The issue is of increased importance in an era when many internet users are being victimized by increasingly sophisticated manipulations and an inability readily to distinguish between search results that are organic and those that are bought and paid for.  The FTC has previously issued warnings about this problem.   

Currently pending before the New Jersey Supreme Court is a challenge, brought by the State Bar, seeking a stay of the 2019 New Jersey ethics opinion and plenary consideration by the Court of the issues involved.  The bar and supporting amici curiae argue that lawyers operate in a position of trust and their major assets are their reputations, and that appropriating other attorneys’ names and goodwill is antithetical to the legal profession’s core values.  The case has been fully briefed and was argued on November 10.  A thoughtful opinion from a state court of last resort would be quite influential in other state ethics opinions that grapple with these issues.   

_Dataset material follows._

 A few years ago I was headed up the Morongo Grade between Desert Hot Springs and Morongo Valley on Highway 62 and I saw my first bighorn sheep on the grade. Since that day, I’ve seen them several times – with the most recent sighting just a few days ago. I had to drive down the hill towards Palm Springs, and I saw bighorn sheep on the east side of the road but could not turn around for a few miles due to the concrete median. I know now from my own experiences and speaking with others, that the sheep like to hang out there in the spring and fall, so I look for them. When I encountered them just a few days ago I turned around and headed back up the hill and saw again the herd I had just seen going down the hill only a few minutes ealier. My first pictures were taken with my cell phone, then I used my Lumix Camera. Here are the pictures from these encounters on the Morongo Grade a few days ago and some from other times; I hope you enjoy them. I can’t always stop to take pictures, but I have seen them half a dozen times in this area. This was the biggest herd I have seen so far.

Recent Dartmouth College Provides Guidance on Privilege Assertions and E-mails

By Keith R. Fisher

A recent federal court decision, Anderson v. Trustees of Dartmouth College, rejected over-reliance on the attorney-client privilege (“ACP”) to withhold a large quantity of documents from being produced in discovery.  The court rejected most of Dartmouth College’s ACP justifications for withholding approximately 5,000 pages of documents.  The case, which involves a challenge to the disciplinary process at Dartmouth by an expelled student, provides an instructive road map for lawyers making ACP assertions with regard to e-mail threads. 

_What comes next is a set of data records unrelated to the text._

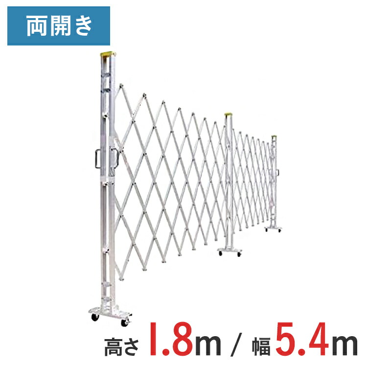 アルミキャスターゲート 両開き アルミ 高さ 1.8 m × 幅 5.4 m 18AYW-54-27 | アルミゲート 仮設ゲート 伸縮門扉 クロスゲート アルミフェンス フェンス アコーディオンゲート 蛇腹ゲート 右開き 左開き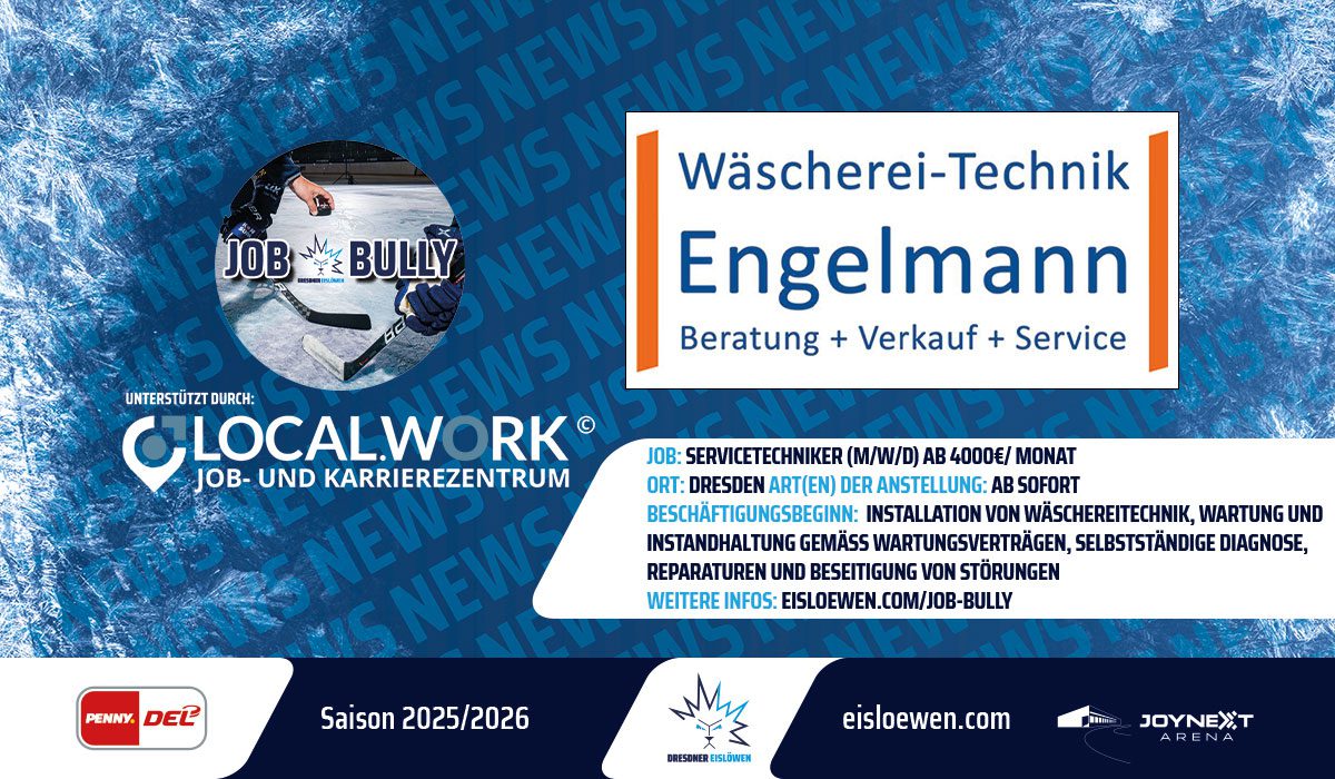 Gemeinsam mit LOCAL.WORK bekommen Eislöwenpartner und Firmen die Möglichkeit über die Webseite der Eislöwen neue Mitarbeiter zu gewinnen. Das nutzt auch unser Partner, die Wäscherei-Technik Engelmann auf der Suche nach einem Servicetechniker (m/w/d). Das aktuelle Job-Angebot ist über Stellenbeschreibung einsehbar.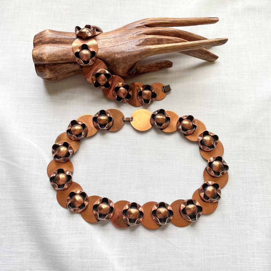 Vintage MCM Renoir copper necklace and bracelet 2 piece set.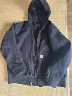 フード付きのブラックジャケット、フロントポケット付きで実用的。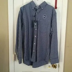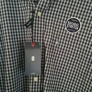 Blue plaid, Size M, Brand new with tags, Natural stretch premium essentials long sleeved, Collared button down dress shirt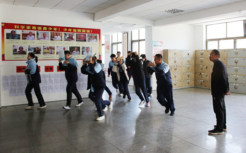 9点30分,警报响起,任课教师立即指挥学生紧急疏散,教师打开前门,同时命令后排靠门的同学打开后门,然后指挥学生按指定路线进行有序疏散。各班疏散到集合地点后,班主任清查班级人数并向级部主任汇总。演练中,学生们还模拟了在疏散时发生了意外及正确的处置方法。

First, the court criticized Dartmouth for failing to make any effort to provide documents with the assertedly privileged conduct redacted.  Many of the documents that the court agreed contained privileged material still had to be redacted and produced. 

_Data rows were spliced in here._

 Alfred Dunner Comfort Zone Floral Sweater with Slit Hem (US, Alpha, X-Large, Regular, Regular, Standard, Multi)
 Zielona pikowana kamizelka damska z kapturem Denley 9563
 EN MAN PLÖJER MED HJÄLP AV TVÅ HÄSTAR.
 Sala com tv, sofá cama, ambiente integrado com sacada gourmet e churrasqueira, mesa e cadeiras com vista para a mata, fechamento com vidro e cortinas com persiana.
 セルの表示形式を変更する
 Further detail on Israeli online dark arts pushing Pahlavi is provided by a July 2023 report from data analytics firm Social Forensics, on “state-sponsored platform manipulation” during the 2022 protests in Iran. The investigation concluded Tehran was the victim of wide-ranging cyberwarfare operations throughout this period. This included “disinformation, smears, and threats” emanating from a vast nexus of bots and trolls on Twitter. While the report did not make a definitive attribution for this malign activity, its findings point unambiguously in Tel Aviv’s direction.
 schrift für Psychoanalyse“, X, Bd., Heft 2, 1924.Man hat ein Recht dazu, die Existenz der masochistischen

Second, the court scrutinized e-mails between nonlawyer college employees.  The mere fact that an e-mail discussed a relevant New Hampshire statute or copied Dartmouth’s in-house counsel did not cloak the documents with ACP:  They do not request legal advice, nor did the in-house lawyer offer any.  Citing other decisions, the court explicated that merely copying or including an attorney as one of the recipients does not render an e-mail privileged.

Third, the court rejected Dartmouth’s blanket assertions that its employees sent the lawyer e-mails seeking legal advice.  Dartmouth argued that this was part of a practice established by the Office of General Counsel with respect to employees handling student conduct matters, whereby copying a lawyer in that Office created a reasonable expectation that he or she would provide legal advice on the topic at hand.  The court specifically noted the absence of any affidavit or other evidence establishing the existence of that practice and said that post hoc arguments in a memorandum of law do not meet the burden of establishing ACP.  “[M]erely saying so does not make the documents privileged.” 

The relatively brief opinion provides valuable guidance not only for litigation but also for the conduct of internal corporate investigations, where counsel frequently engage in e-mail correspondence with a multiplicity of employees.